Weirdly, this card doesn’t have the “no regeneration” clause attached to it like many cards of its era. Granted, we don’t see a lot of new cards with regeneration these days, so it’s kind of a moot point, but it was an interesting way to snub green’s ability to board wipe in the 90s while giving it one of the most powerful and cost effective board wipes it has ever seen.

Are Green Board Wipes Good in Commander?

Generally speaking, no. Don’t get me wrong, you will be hard pressed to find better board wipes for enchantments in other colors, and cards like Bane of Progress, Whiptongue Hydra, and Whirlwind are all pretty strong. Heck, I’ll even concede that any other card in this article is playable.

Unfortunately, there’s just no getting around the fact that every other color is just generally better at board wiping than green when it comes to creatures, and ultimately, that’s what most people are trying to clear when playing a board wipe. Even colorless has some better options!

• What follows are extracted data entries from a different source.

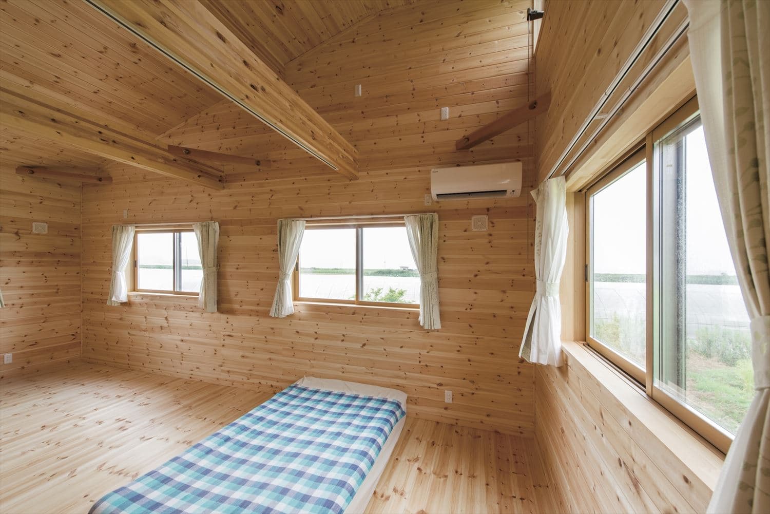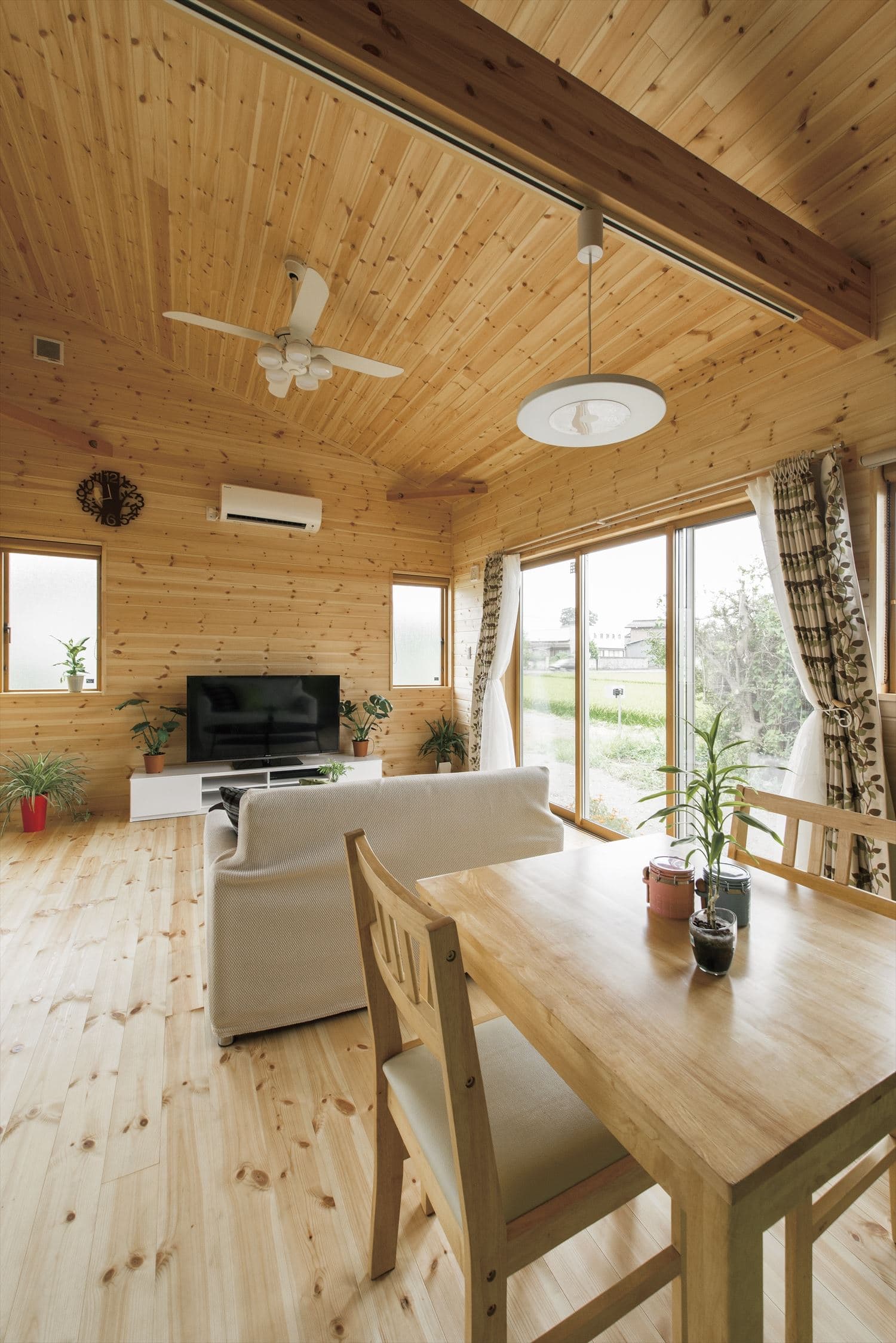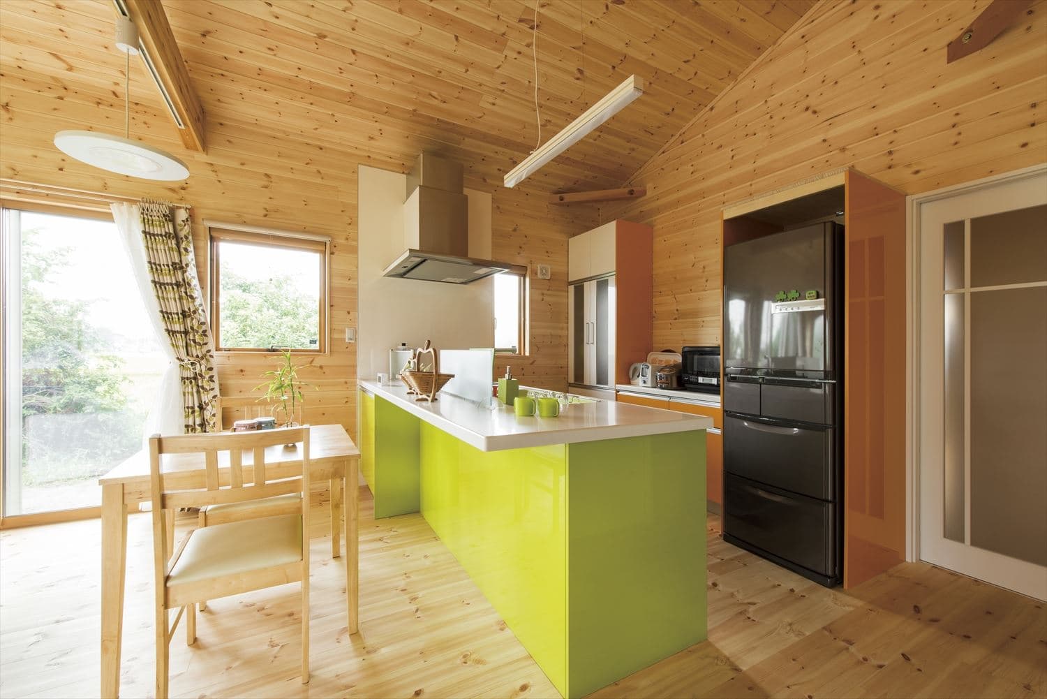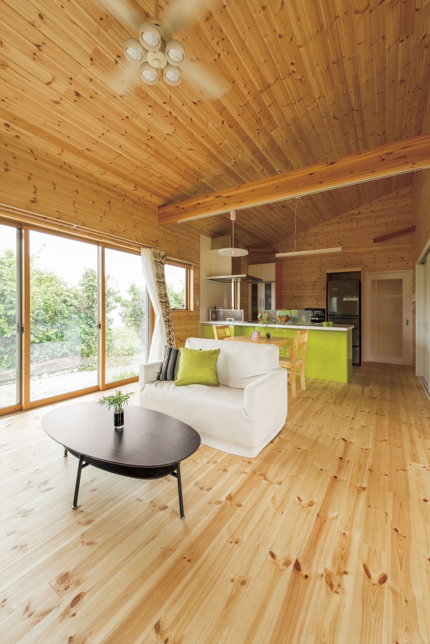 見守りのしやすい平屋の良さと、子供の心と身体の成長を育む無垢材の良さを持った子育て住宅です。
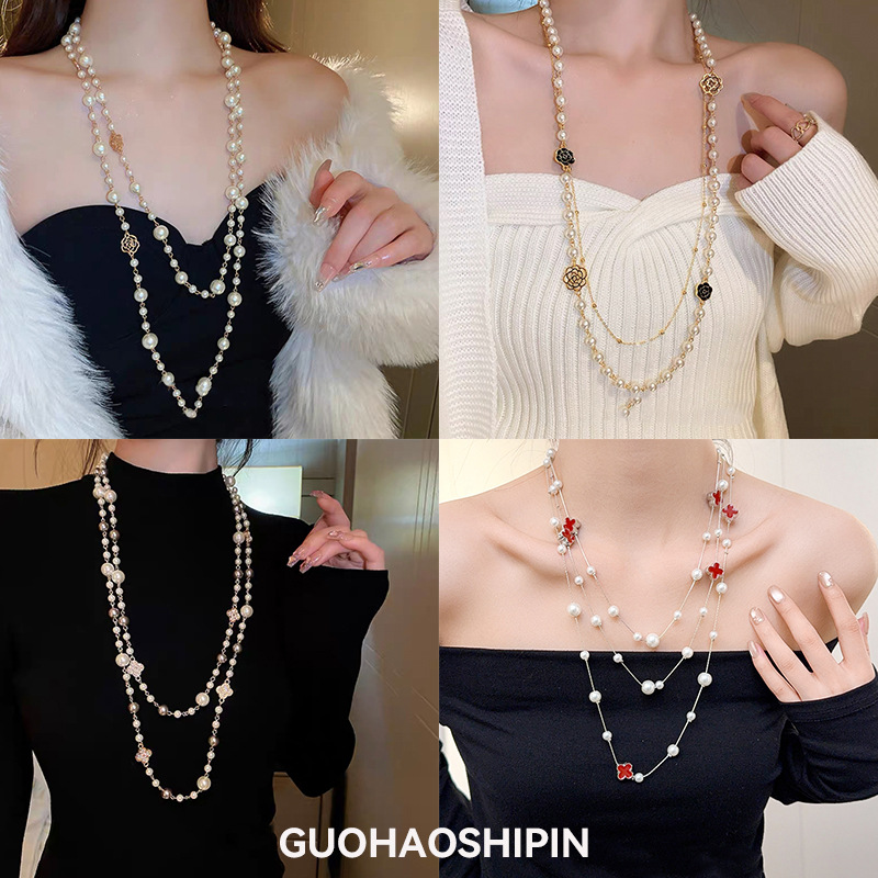 Light Luxury Style Stacked Pearl Necklace, High-End Autumn and Winter Sweater Chain, Women's Fashionable and Cool Design, European and American Cross-Border Jewelry
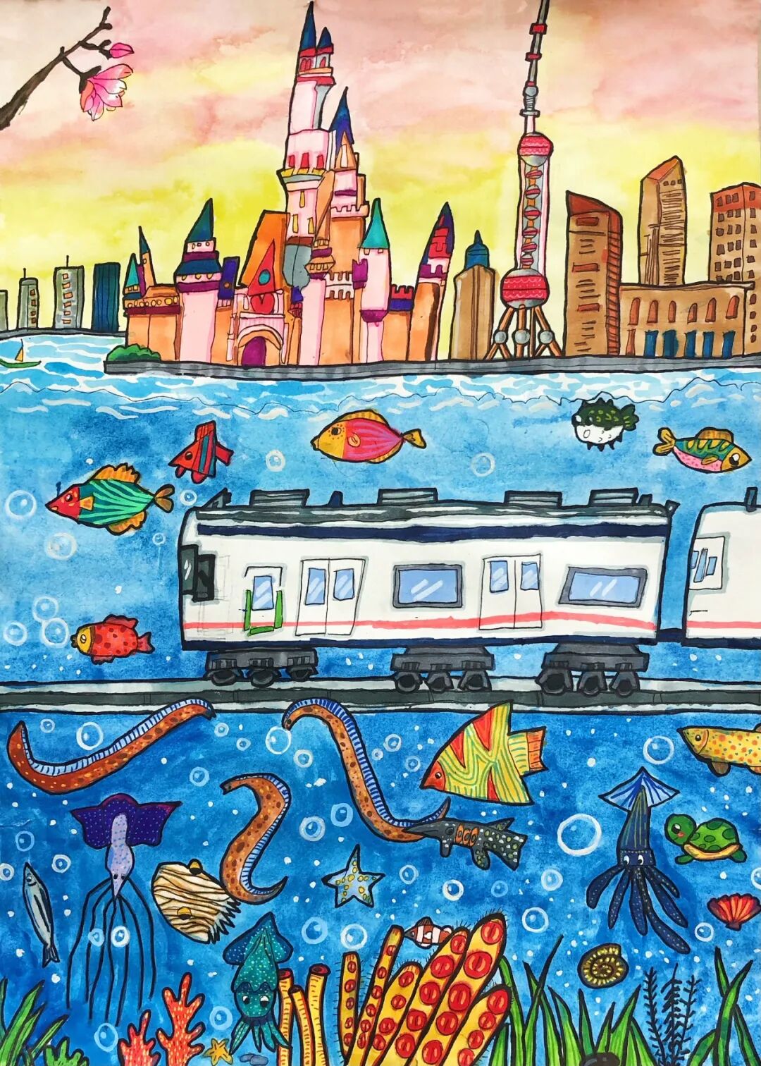 不遠(yuǎn)處徐鹽高鐵上,銀白色的高鐵像一道流星劃過水鄉(xiāng)。我的鉛筆在本子上沙沙作響,把窗外的景色畫下來:成片的藕田里,粉白的荷花搖曳生姿;戴著斗笠的農(nóng)民在稻田里忙碌,身后的水渠泛著粼粼波光。列車員阿姨推著小推車走來,“瓜子飲料礦泉水”的吆喝聲,和車輪與鋼軌的碰撞聲交織在一起,成為獨屬于旅途的音樂。
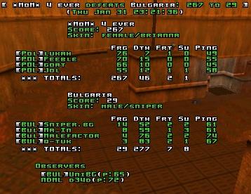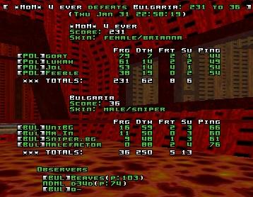 Goat on dm3 could have easily scored 100 if he hadn't missed 60 railshots. On dm1 in the beginning for some time Poland had 4 guys at rail, while Bulgaria had 3 on lift.
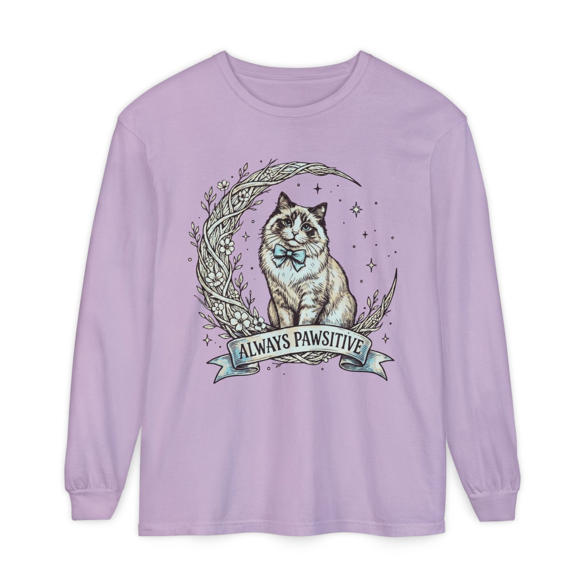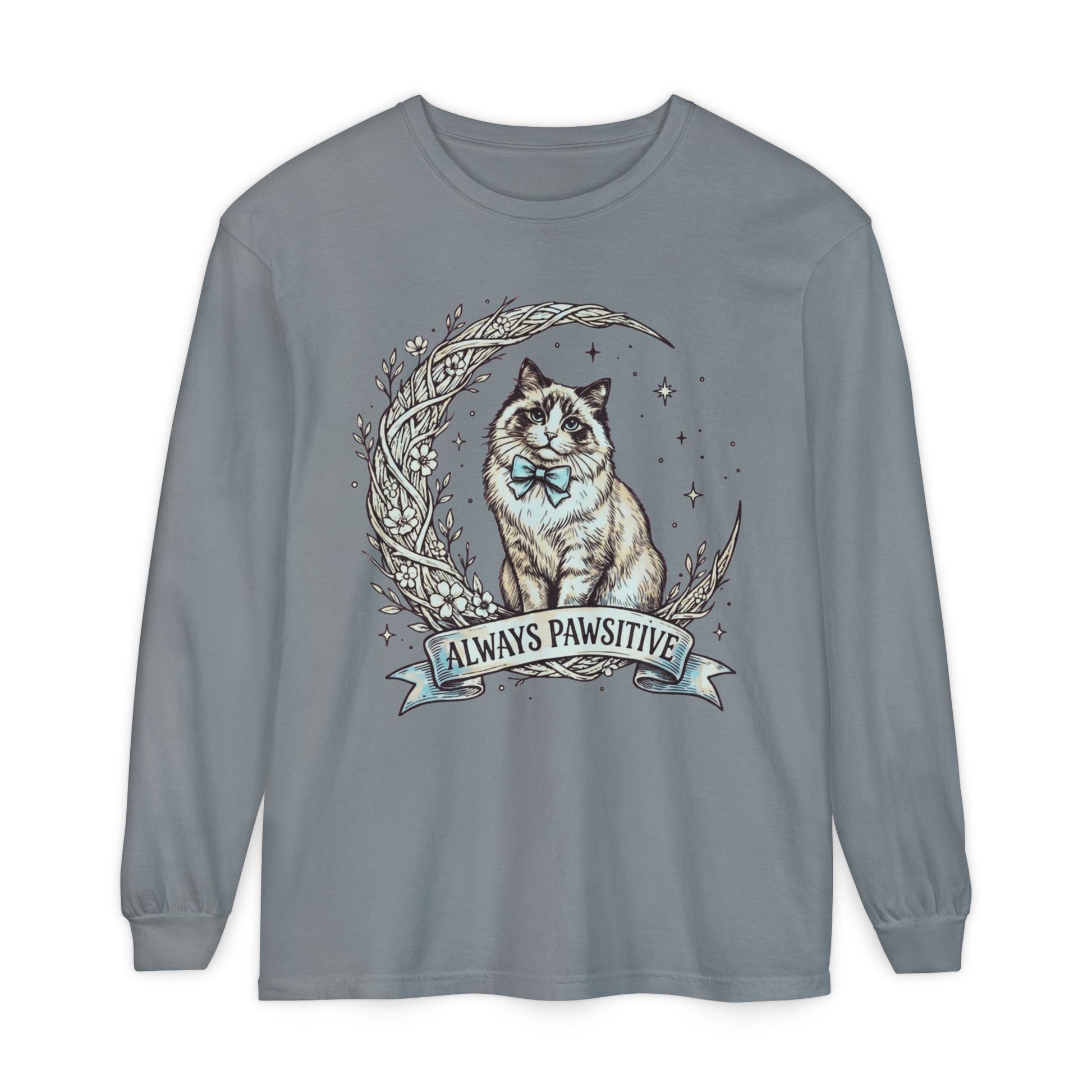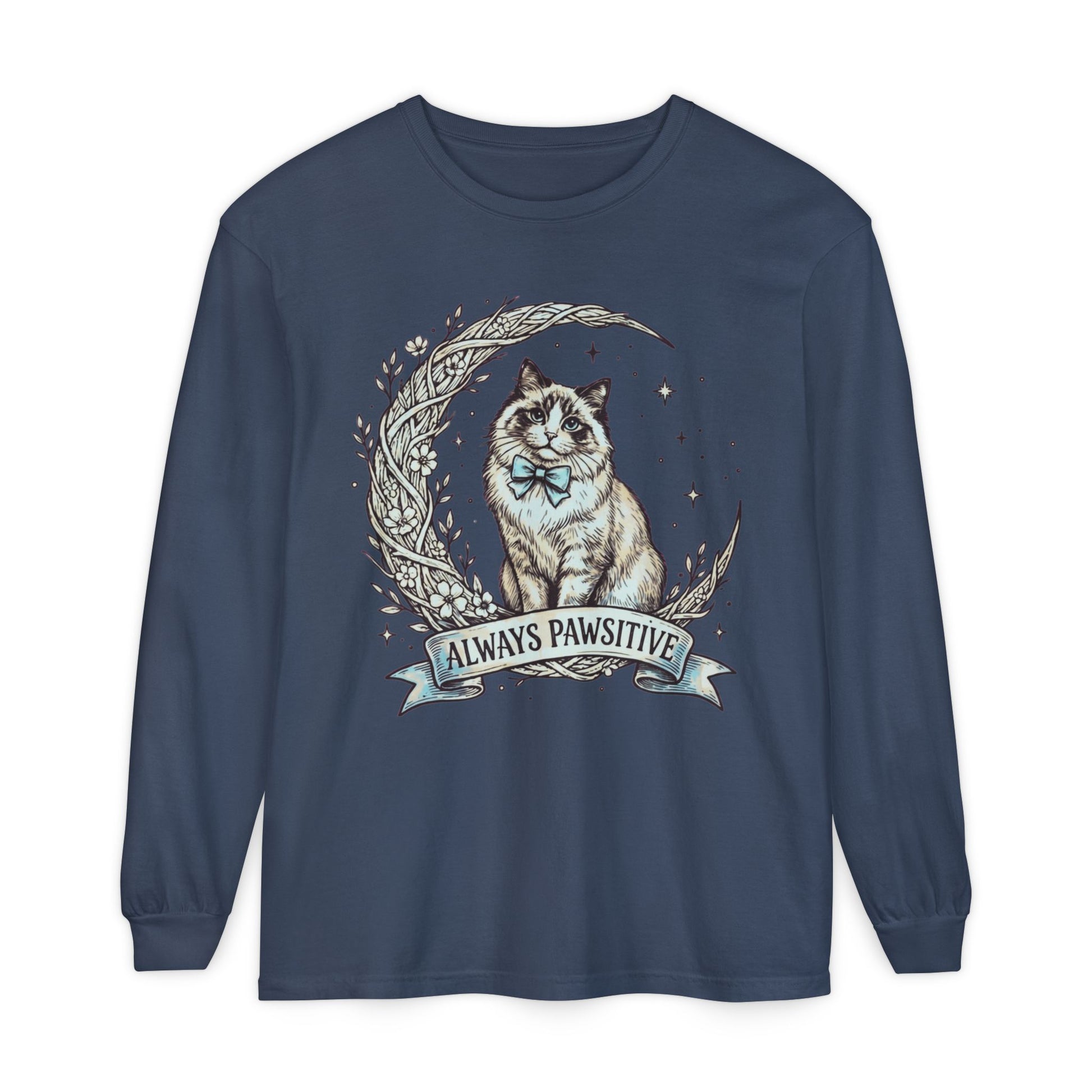 Unisex Adult 'Always Pawsitive' Cat Design Long Sleeve Tee — Cute Ragdoll Cat Graphic Shirt (Additional Colors)
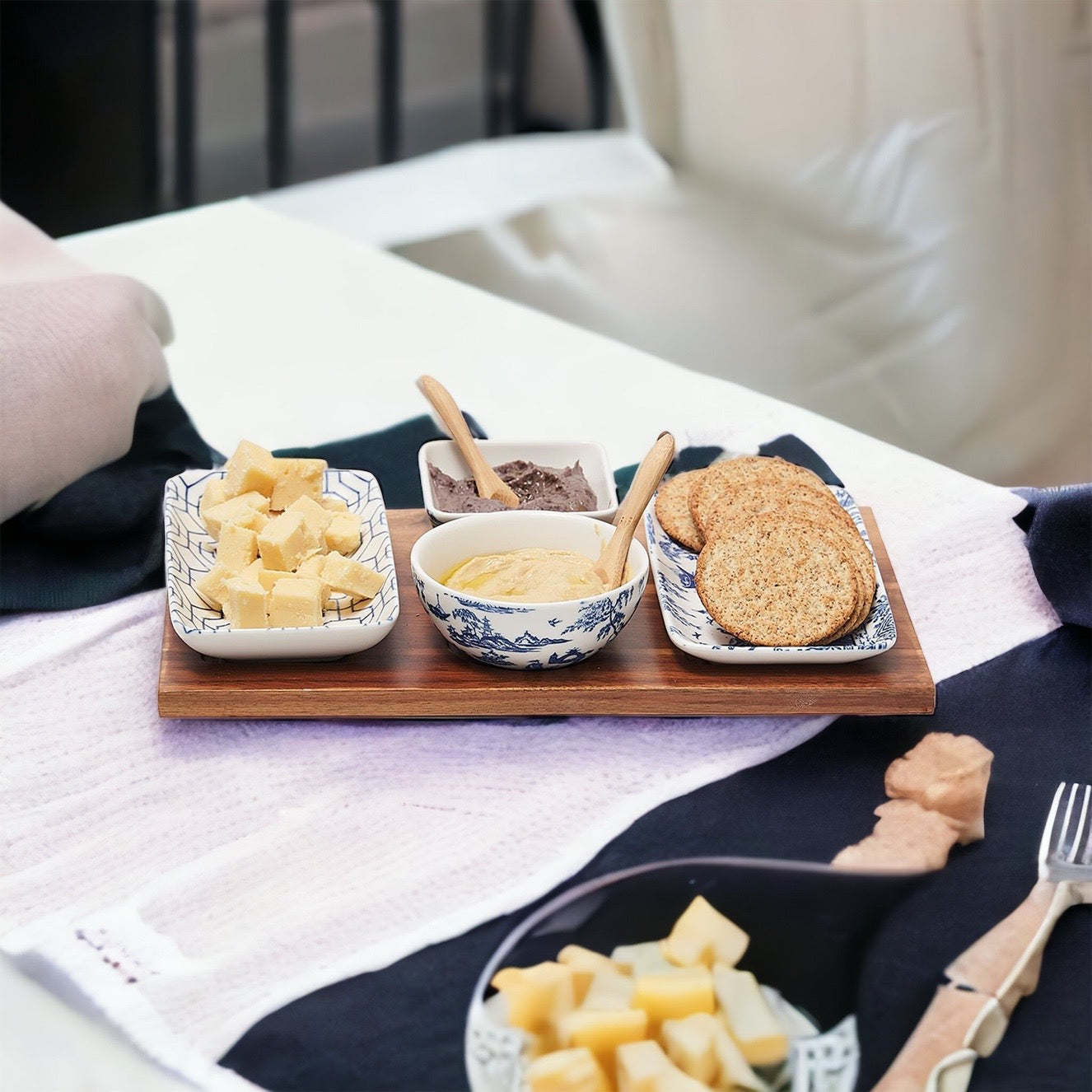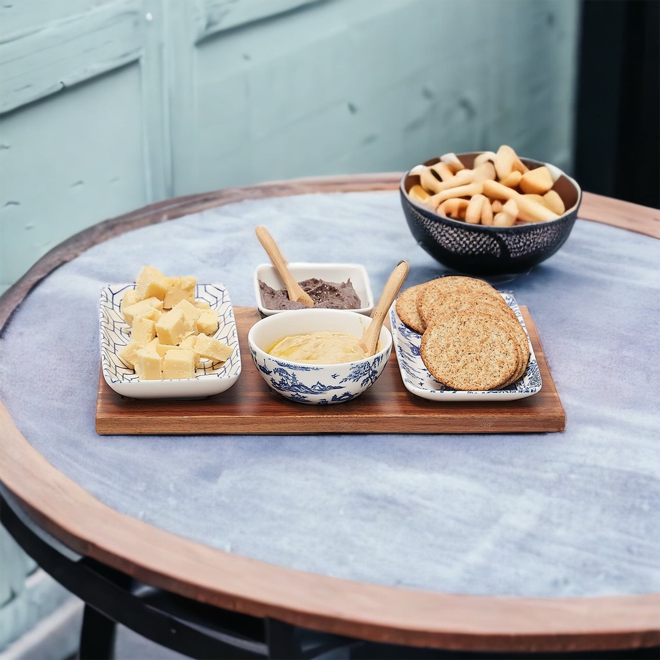 A beautiful 7 piece serving set to entertain for your guests. Each piece in a porcelain matte finish with designs and colors of blue and white. All placed on a wonderful acacia wooden tray.
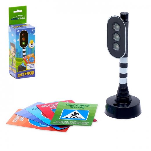 Расставьте машинки малыша на импровизированной дороге и представьте, что находитесь в переполненном машинами городе. Необходимо отрегулировать движение, в этом поможет светофор. Ребёнок с интересом будет нажимать на кнопку, менять цвета сигналов и по очереди пропускать технику. В комплект входят 5 обучающих карточек с заданиями, которые объяснят значения дорожных знаков.
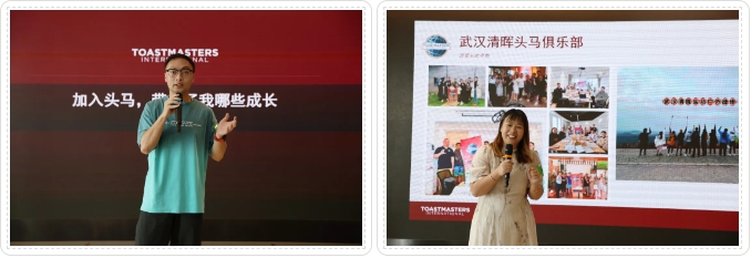 辜总监还特意邀请了武汉清晖头马俱乐部的两位会员代表——徐俊泽和易美军,上台分享他们在头马的学习经历和成长故事。他们用自己的亲身经历诠释了头马如何帮助个人克服演讲恐惧、提升沟通技巧、增强领导力。

How Many Board Wipes Should I Have in Commander?

While there’s not going to be a set answer for every deck, I’ve personally found that 4-5 is a good minimum for most decks I play in Commander, though if you play a deck that doesn’t use a lot of creatures, you could easily find yourself playing more than 10.

Mono green decks are often going to have a harder time meeting this minimum because there just aren’t that many board wipes available to them that destroy, sacrifice, or exile all creatures. Heck, The Great Aurora simply shuffles them back into their owners’ libraries.

I recommend looking at colorless options to help shore things up for these decks. While cards like All is Dust, Oblivion Stone, and Perilous Vault do cost a lot of mana to use, green’s mana ramp options are more than up to the task of ensuring you have enough mana when you need these spells.

From there, do some playtesting and see what works and what doesn’t. There’s no substitute for actually playing your cards and seeing how well they work in games of MTG, and there’s no scientific method that’s as fun either!